**WHAT THE TASK ASKS:**
All of the data below should be printed again word for word, pictures excluded.

**SOURCE MATERIAL:**
########

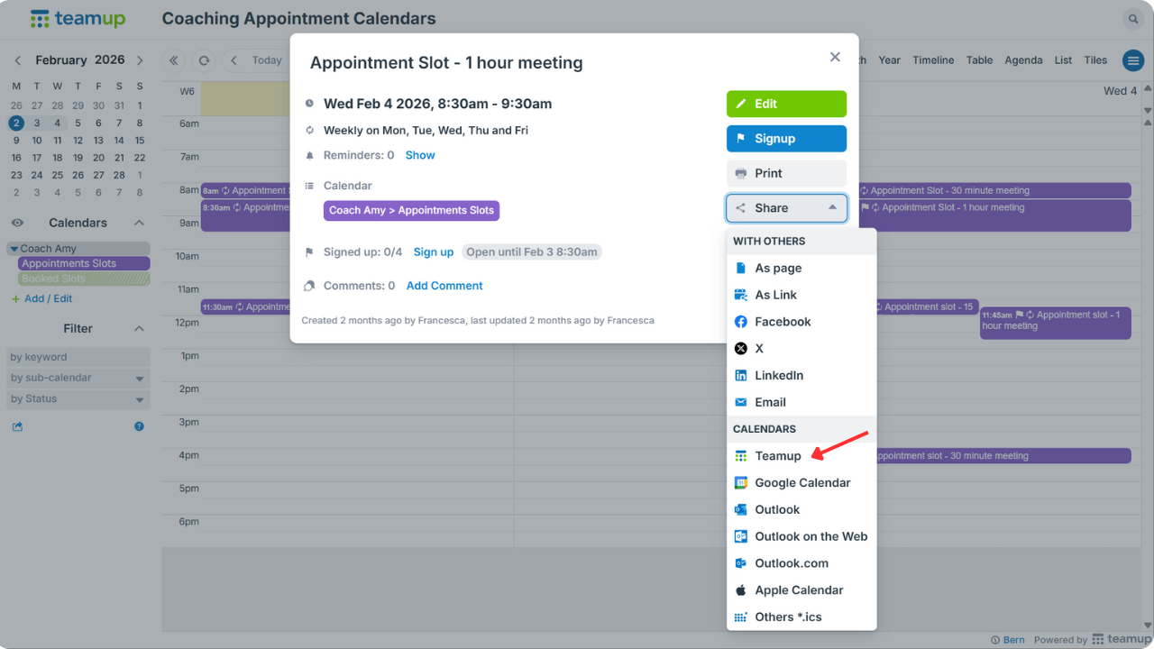 To share an event to another Teamup calendar, you need to be logged in to your Teamup account. When you choose Share > Calendars > Teamup, you can select a destination calendar from your calendar dashboard.
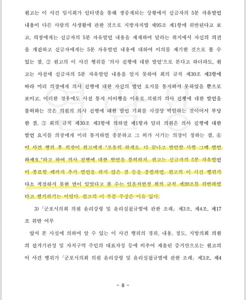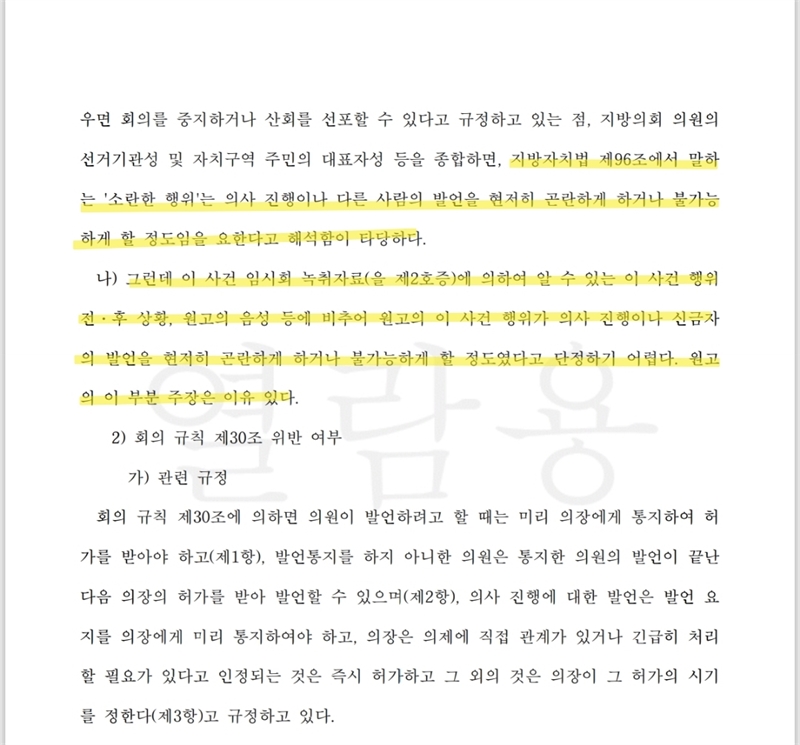 법원은 판결문에서 “원고의 행위가 의사진행이나 다른 의원의 발언을 현저히 곤란하게 할 정도였다고 단정하기 어렵다”며, “원고의 주장은 이유 있다”고 명시했다.
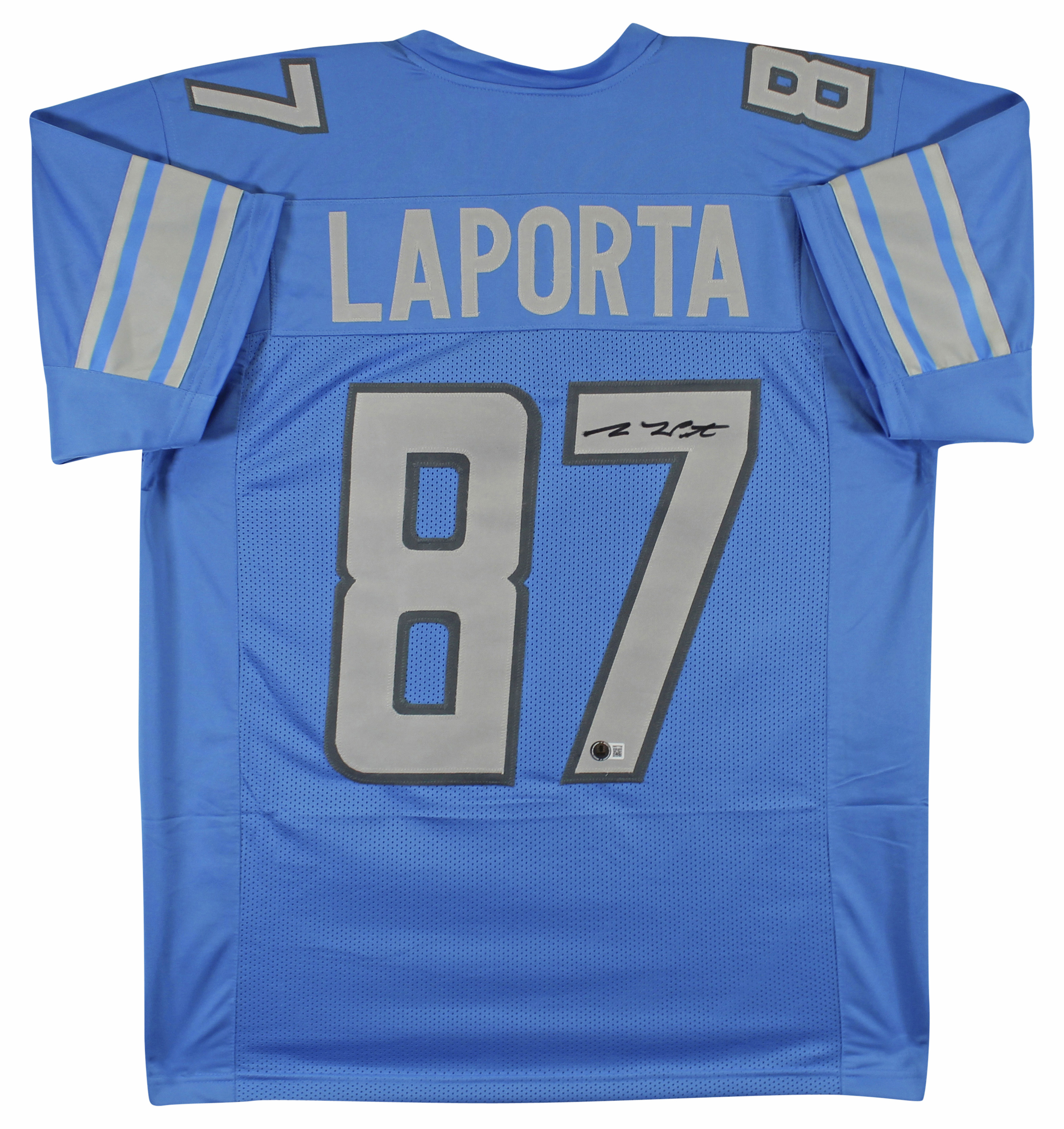 This Autographed Blue Pro Style Jersey has been Personally Signed by Sam Laporta of the Detroit Lions. This item is 100% Authentic to include a hologram by Beckett Authentication Services. This item will come with an affixed Beckett Authentication Services (BAS) authentication sticker, which includes a scannable QR code to verify authenticity. Please note that Beckett no longer provides serial-numbered COA cards, and the attached BAS sticker will serve as the complete authentication for this item. This is a BAS Witnessed Protection Program item which means a Beckett Authentication Service representative was present when this item was being signed. We conducted an autograph signing with Sam Laporta where multiples of the same item were signed. While the photographs are representative of this item, the size, placement and strength of the signature may vary. Each item is hand signed, therefore, each autograph is unique. This item can be verified through BAS Witnessed. This is a X-Large sized, non-branded, custom-stitched Jersey.

########

**RESPONSE BELOW:**
 To share an event to another Teamup calendar, you need to be logged in to your Teamup account. When you choose Share > Calendars > Teamup, you can select a destination calendar from your calendar dashboard.
 법원은 판결문에서 “원고의 행위가 의사진행이나 다른 의원의 발언을 현저히 곤란하게 할 정도였다고 단정하기 어렵다”며, “원고의 주장은 이유 있다”고 명시했다.
 This Autographed Blue Pro Style Jersey has been Personally Signed by Sam Laporta of the Detroit Lions. This item is 100% Authentic to include a hologram by Beckett Authentication Services. This item will come with an affixed Beckett Authentication Services (BAS) authentication sticker, which includes a scannable QR code to verify authenticity. Please note that Beckett no longer provides serial-numbered COA cards, and the attached BAS sticker will serve as the complete authentication for this item. This is a BAS Witnessed Protection Program item which means a Beckett Authentication Service representative was present when this item was being signed. We conducted an autograph signing with Sam Laporta where multiples of the same item were signed. While the photographs are representative of this item, the size, placement and strength of the signature may vary. Each item is hand signed, therefore, each autograph is unique. This item can be verified through BAS Witnessed. This is a X-Large sized, non-branded, custom-stitched Jersey.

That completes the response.